The primer sequences, position, length, GC no., GC%, Tm value, and Tm-difference, and product length after PCR-RFLP genotyping are provided. The restriction enzyme list for both the sense and antisense strands are shown in Figure 3B2 but omitted in Figure 3A2. The flanking sequences, suppliers, and NEB price for restriction enzymes for the target SNPs are provided as well (shown in Figures 3A2 and 3A3 but omitted in Figures 3B2 and 3B3).

Conclusions

SNP-RFLPing 2 has significant advantages over SNP-RFLPing 1, because the new features complement many of the new comprehensive fields that are associated with modern SNP-related research and because the on-line retrieval systems avoid the need for updates from most databases. In this paper, we describe an updated web-based interface and a java-based program, SNP-RFLPing 2, which is able to provide comprehensive PCR-RFLP information, including RFLP enzymes and their appropriate primer set so that SNP genotyping can be carried out. SNP-RFLPing 2 can also be applied to many PCR-RFLP-based fields, such as the characterization of microorganisms [43, 44], food authentication [45, 46], and avian gender determination [47]. On-line example inputs have been used to demonstrate each of the main functions of SNP-RFLPing 2 that are described in the user manual, which is downloadable from the homepage URL.

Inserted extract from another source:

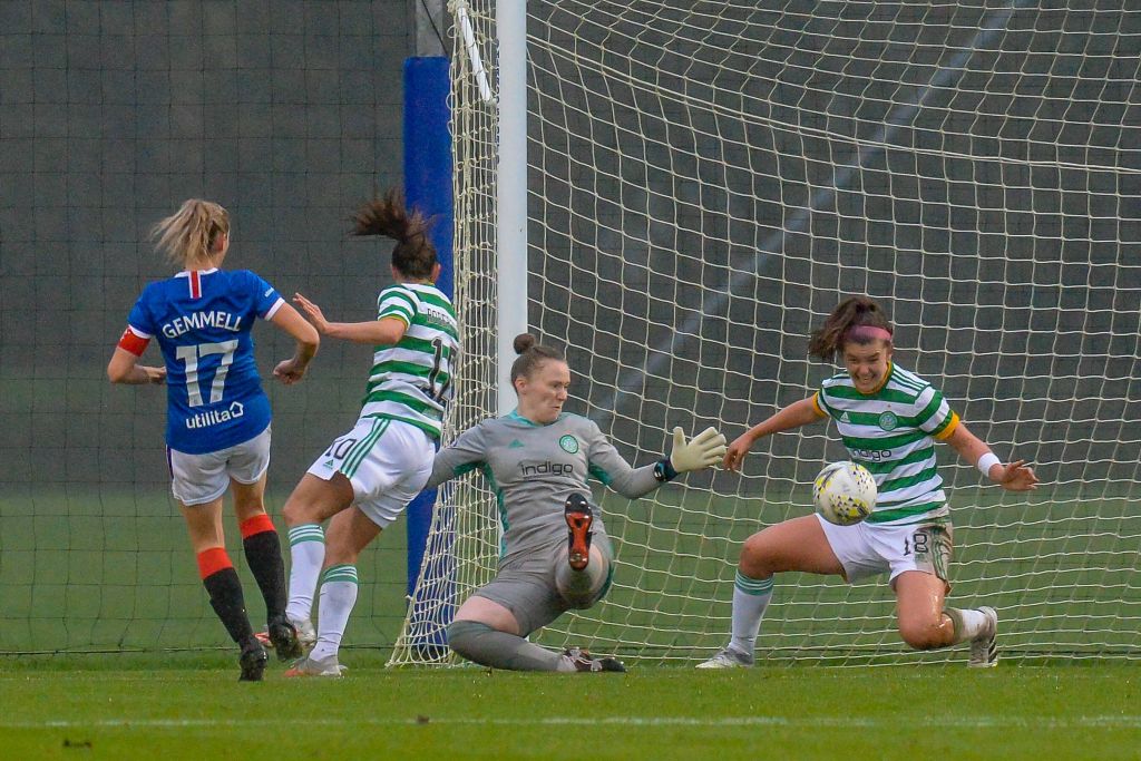 The Rangers shot is blocked on the line by Caitlin Hayes during Celtic’s win at theRangers Training Centre back in November. Photo: Malcolm Mackenzie
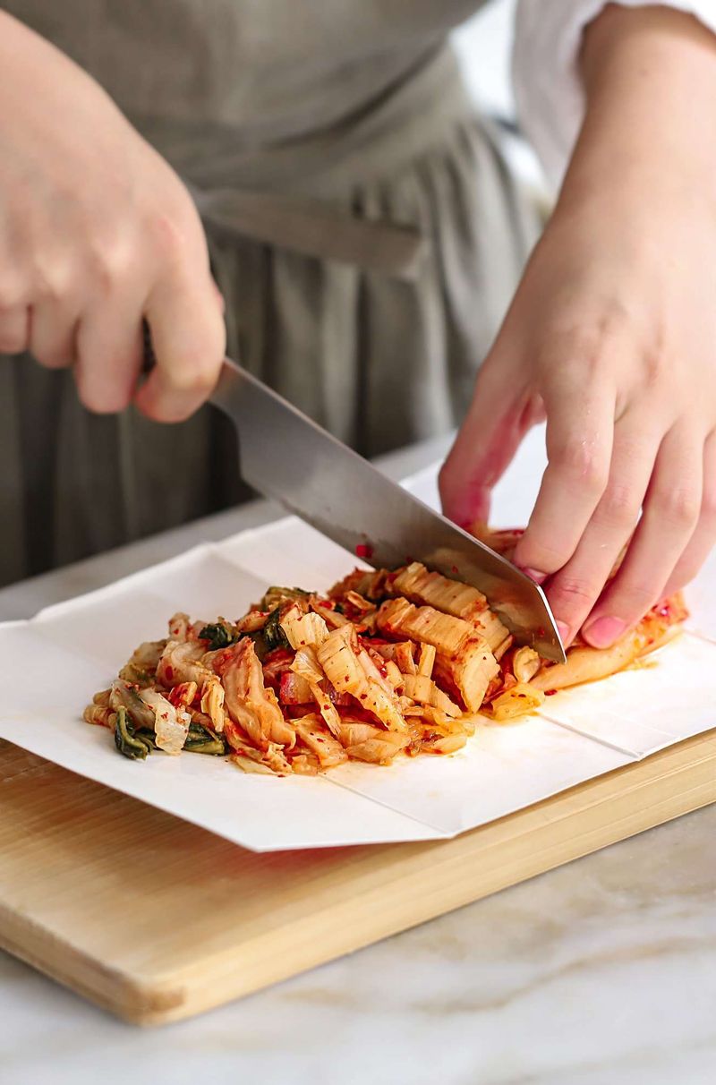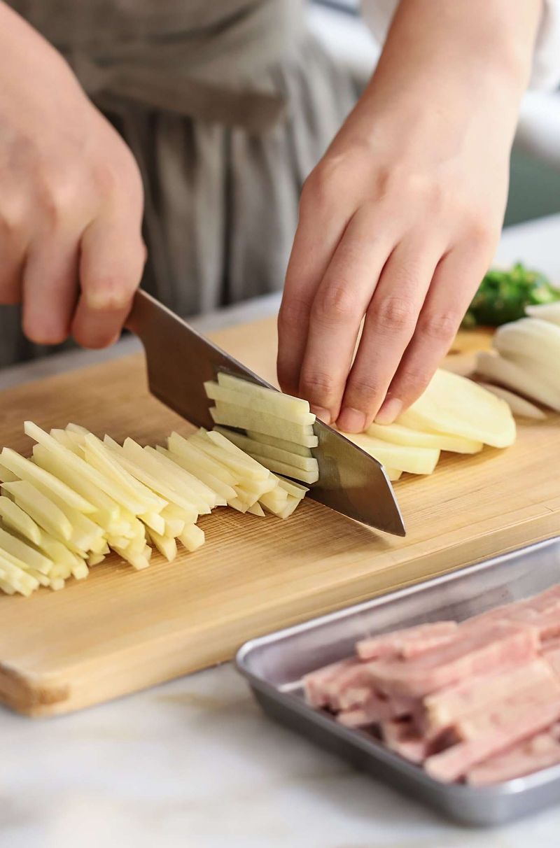 📝TIP 1. 감자는 굵게 썰면 익히는 데 시간이 걸릴 수 있으니, 적당히 얇은 크기로 썰어주세요. 📝TIP 2. 김치는 묵은지로 해주시면 더 깊은 맛과 감칠맛이 난답니다. 📝TIP 3. 김치 썰 때 다 먹고 씻어서 말린 우유팩을 밑에 깔고 썰어주시면, 도마에 김치 물이 들지 않는답니다.

Availability and requirements

Project home page: http://bio.kuas.edu.tw/snp-rflping2/

Operating system(s): Operating systems with web browser.

Programming language: Java

Other requirements: Java 1.5.0 (or later)

License: none for academic users. For any restrictions regarding the use by non-academics please contact the corresponding author.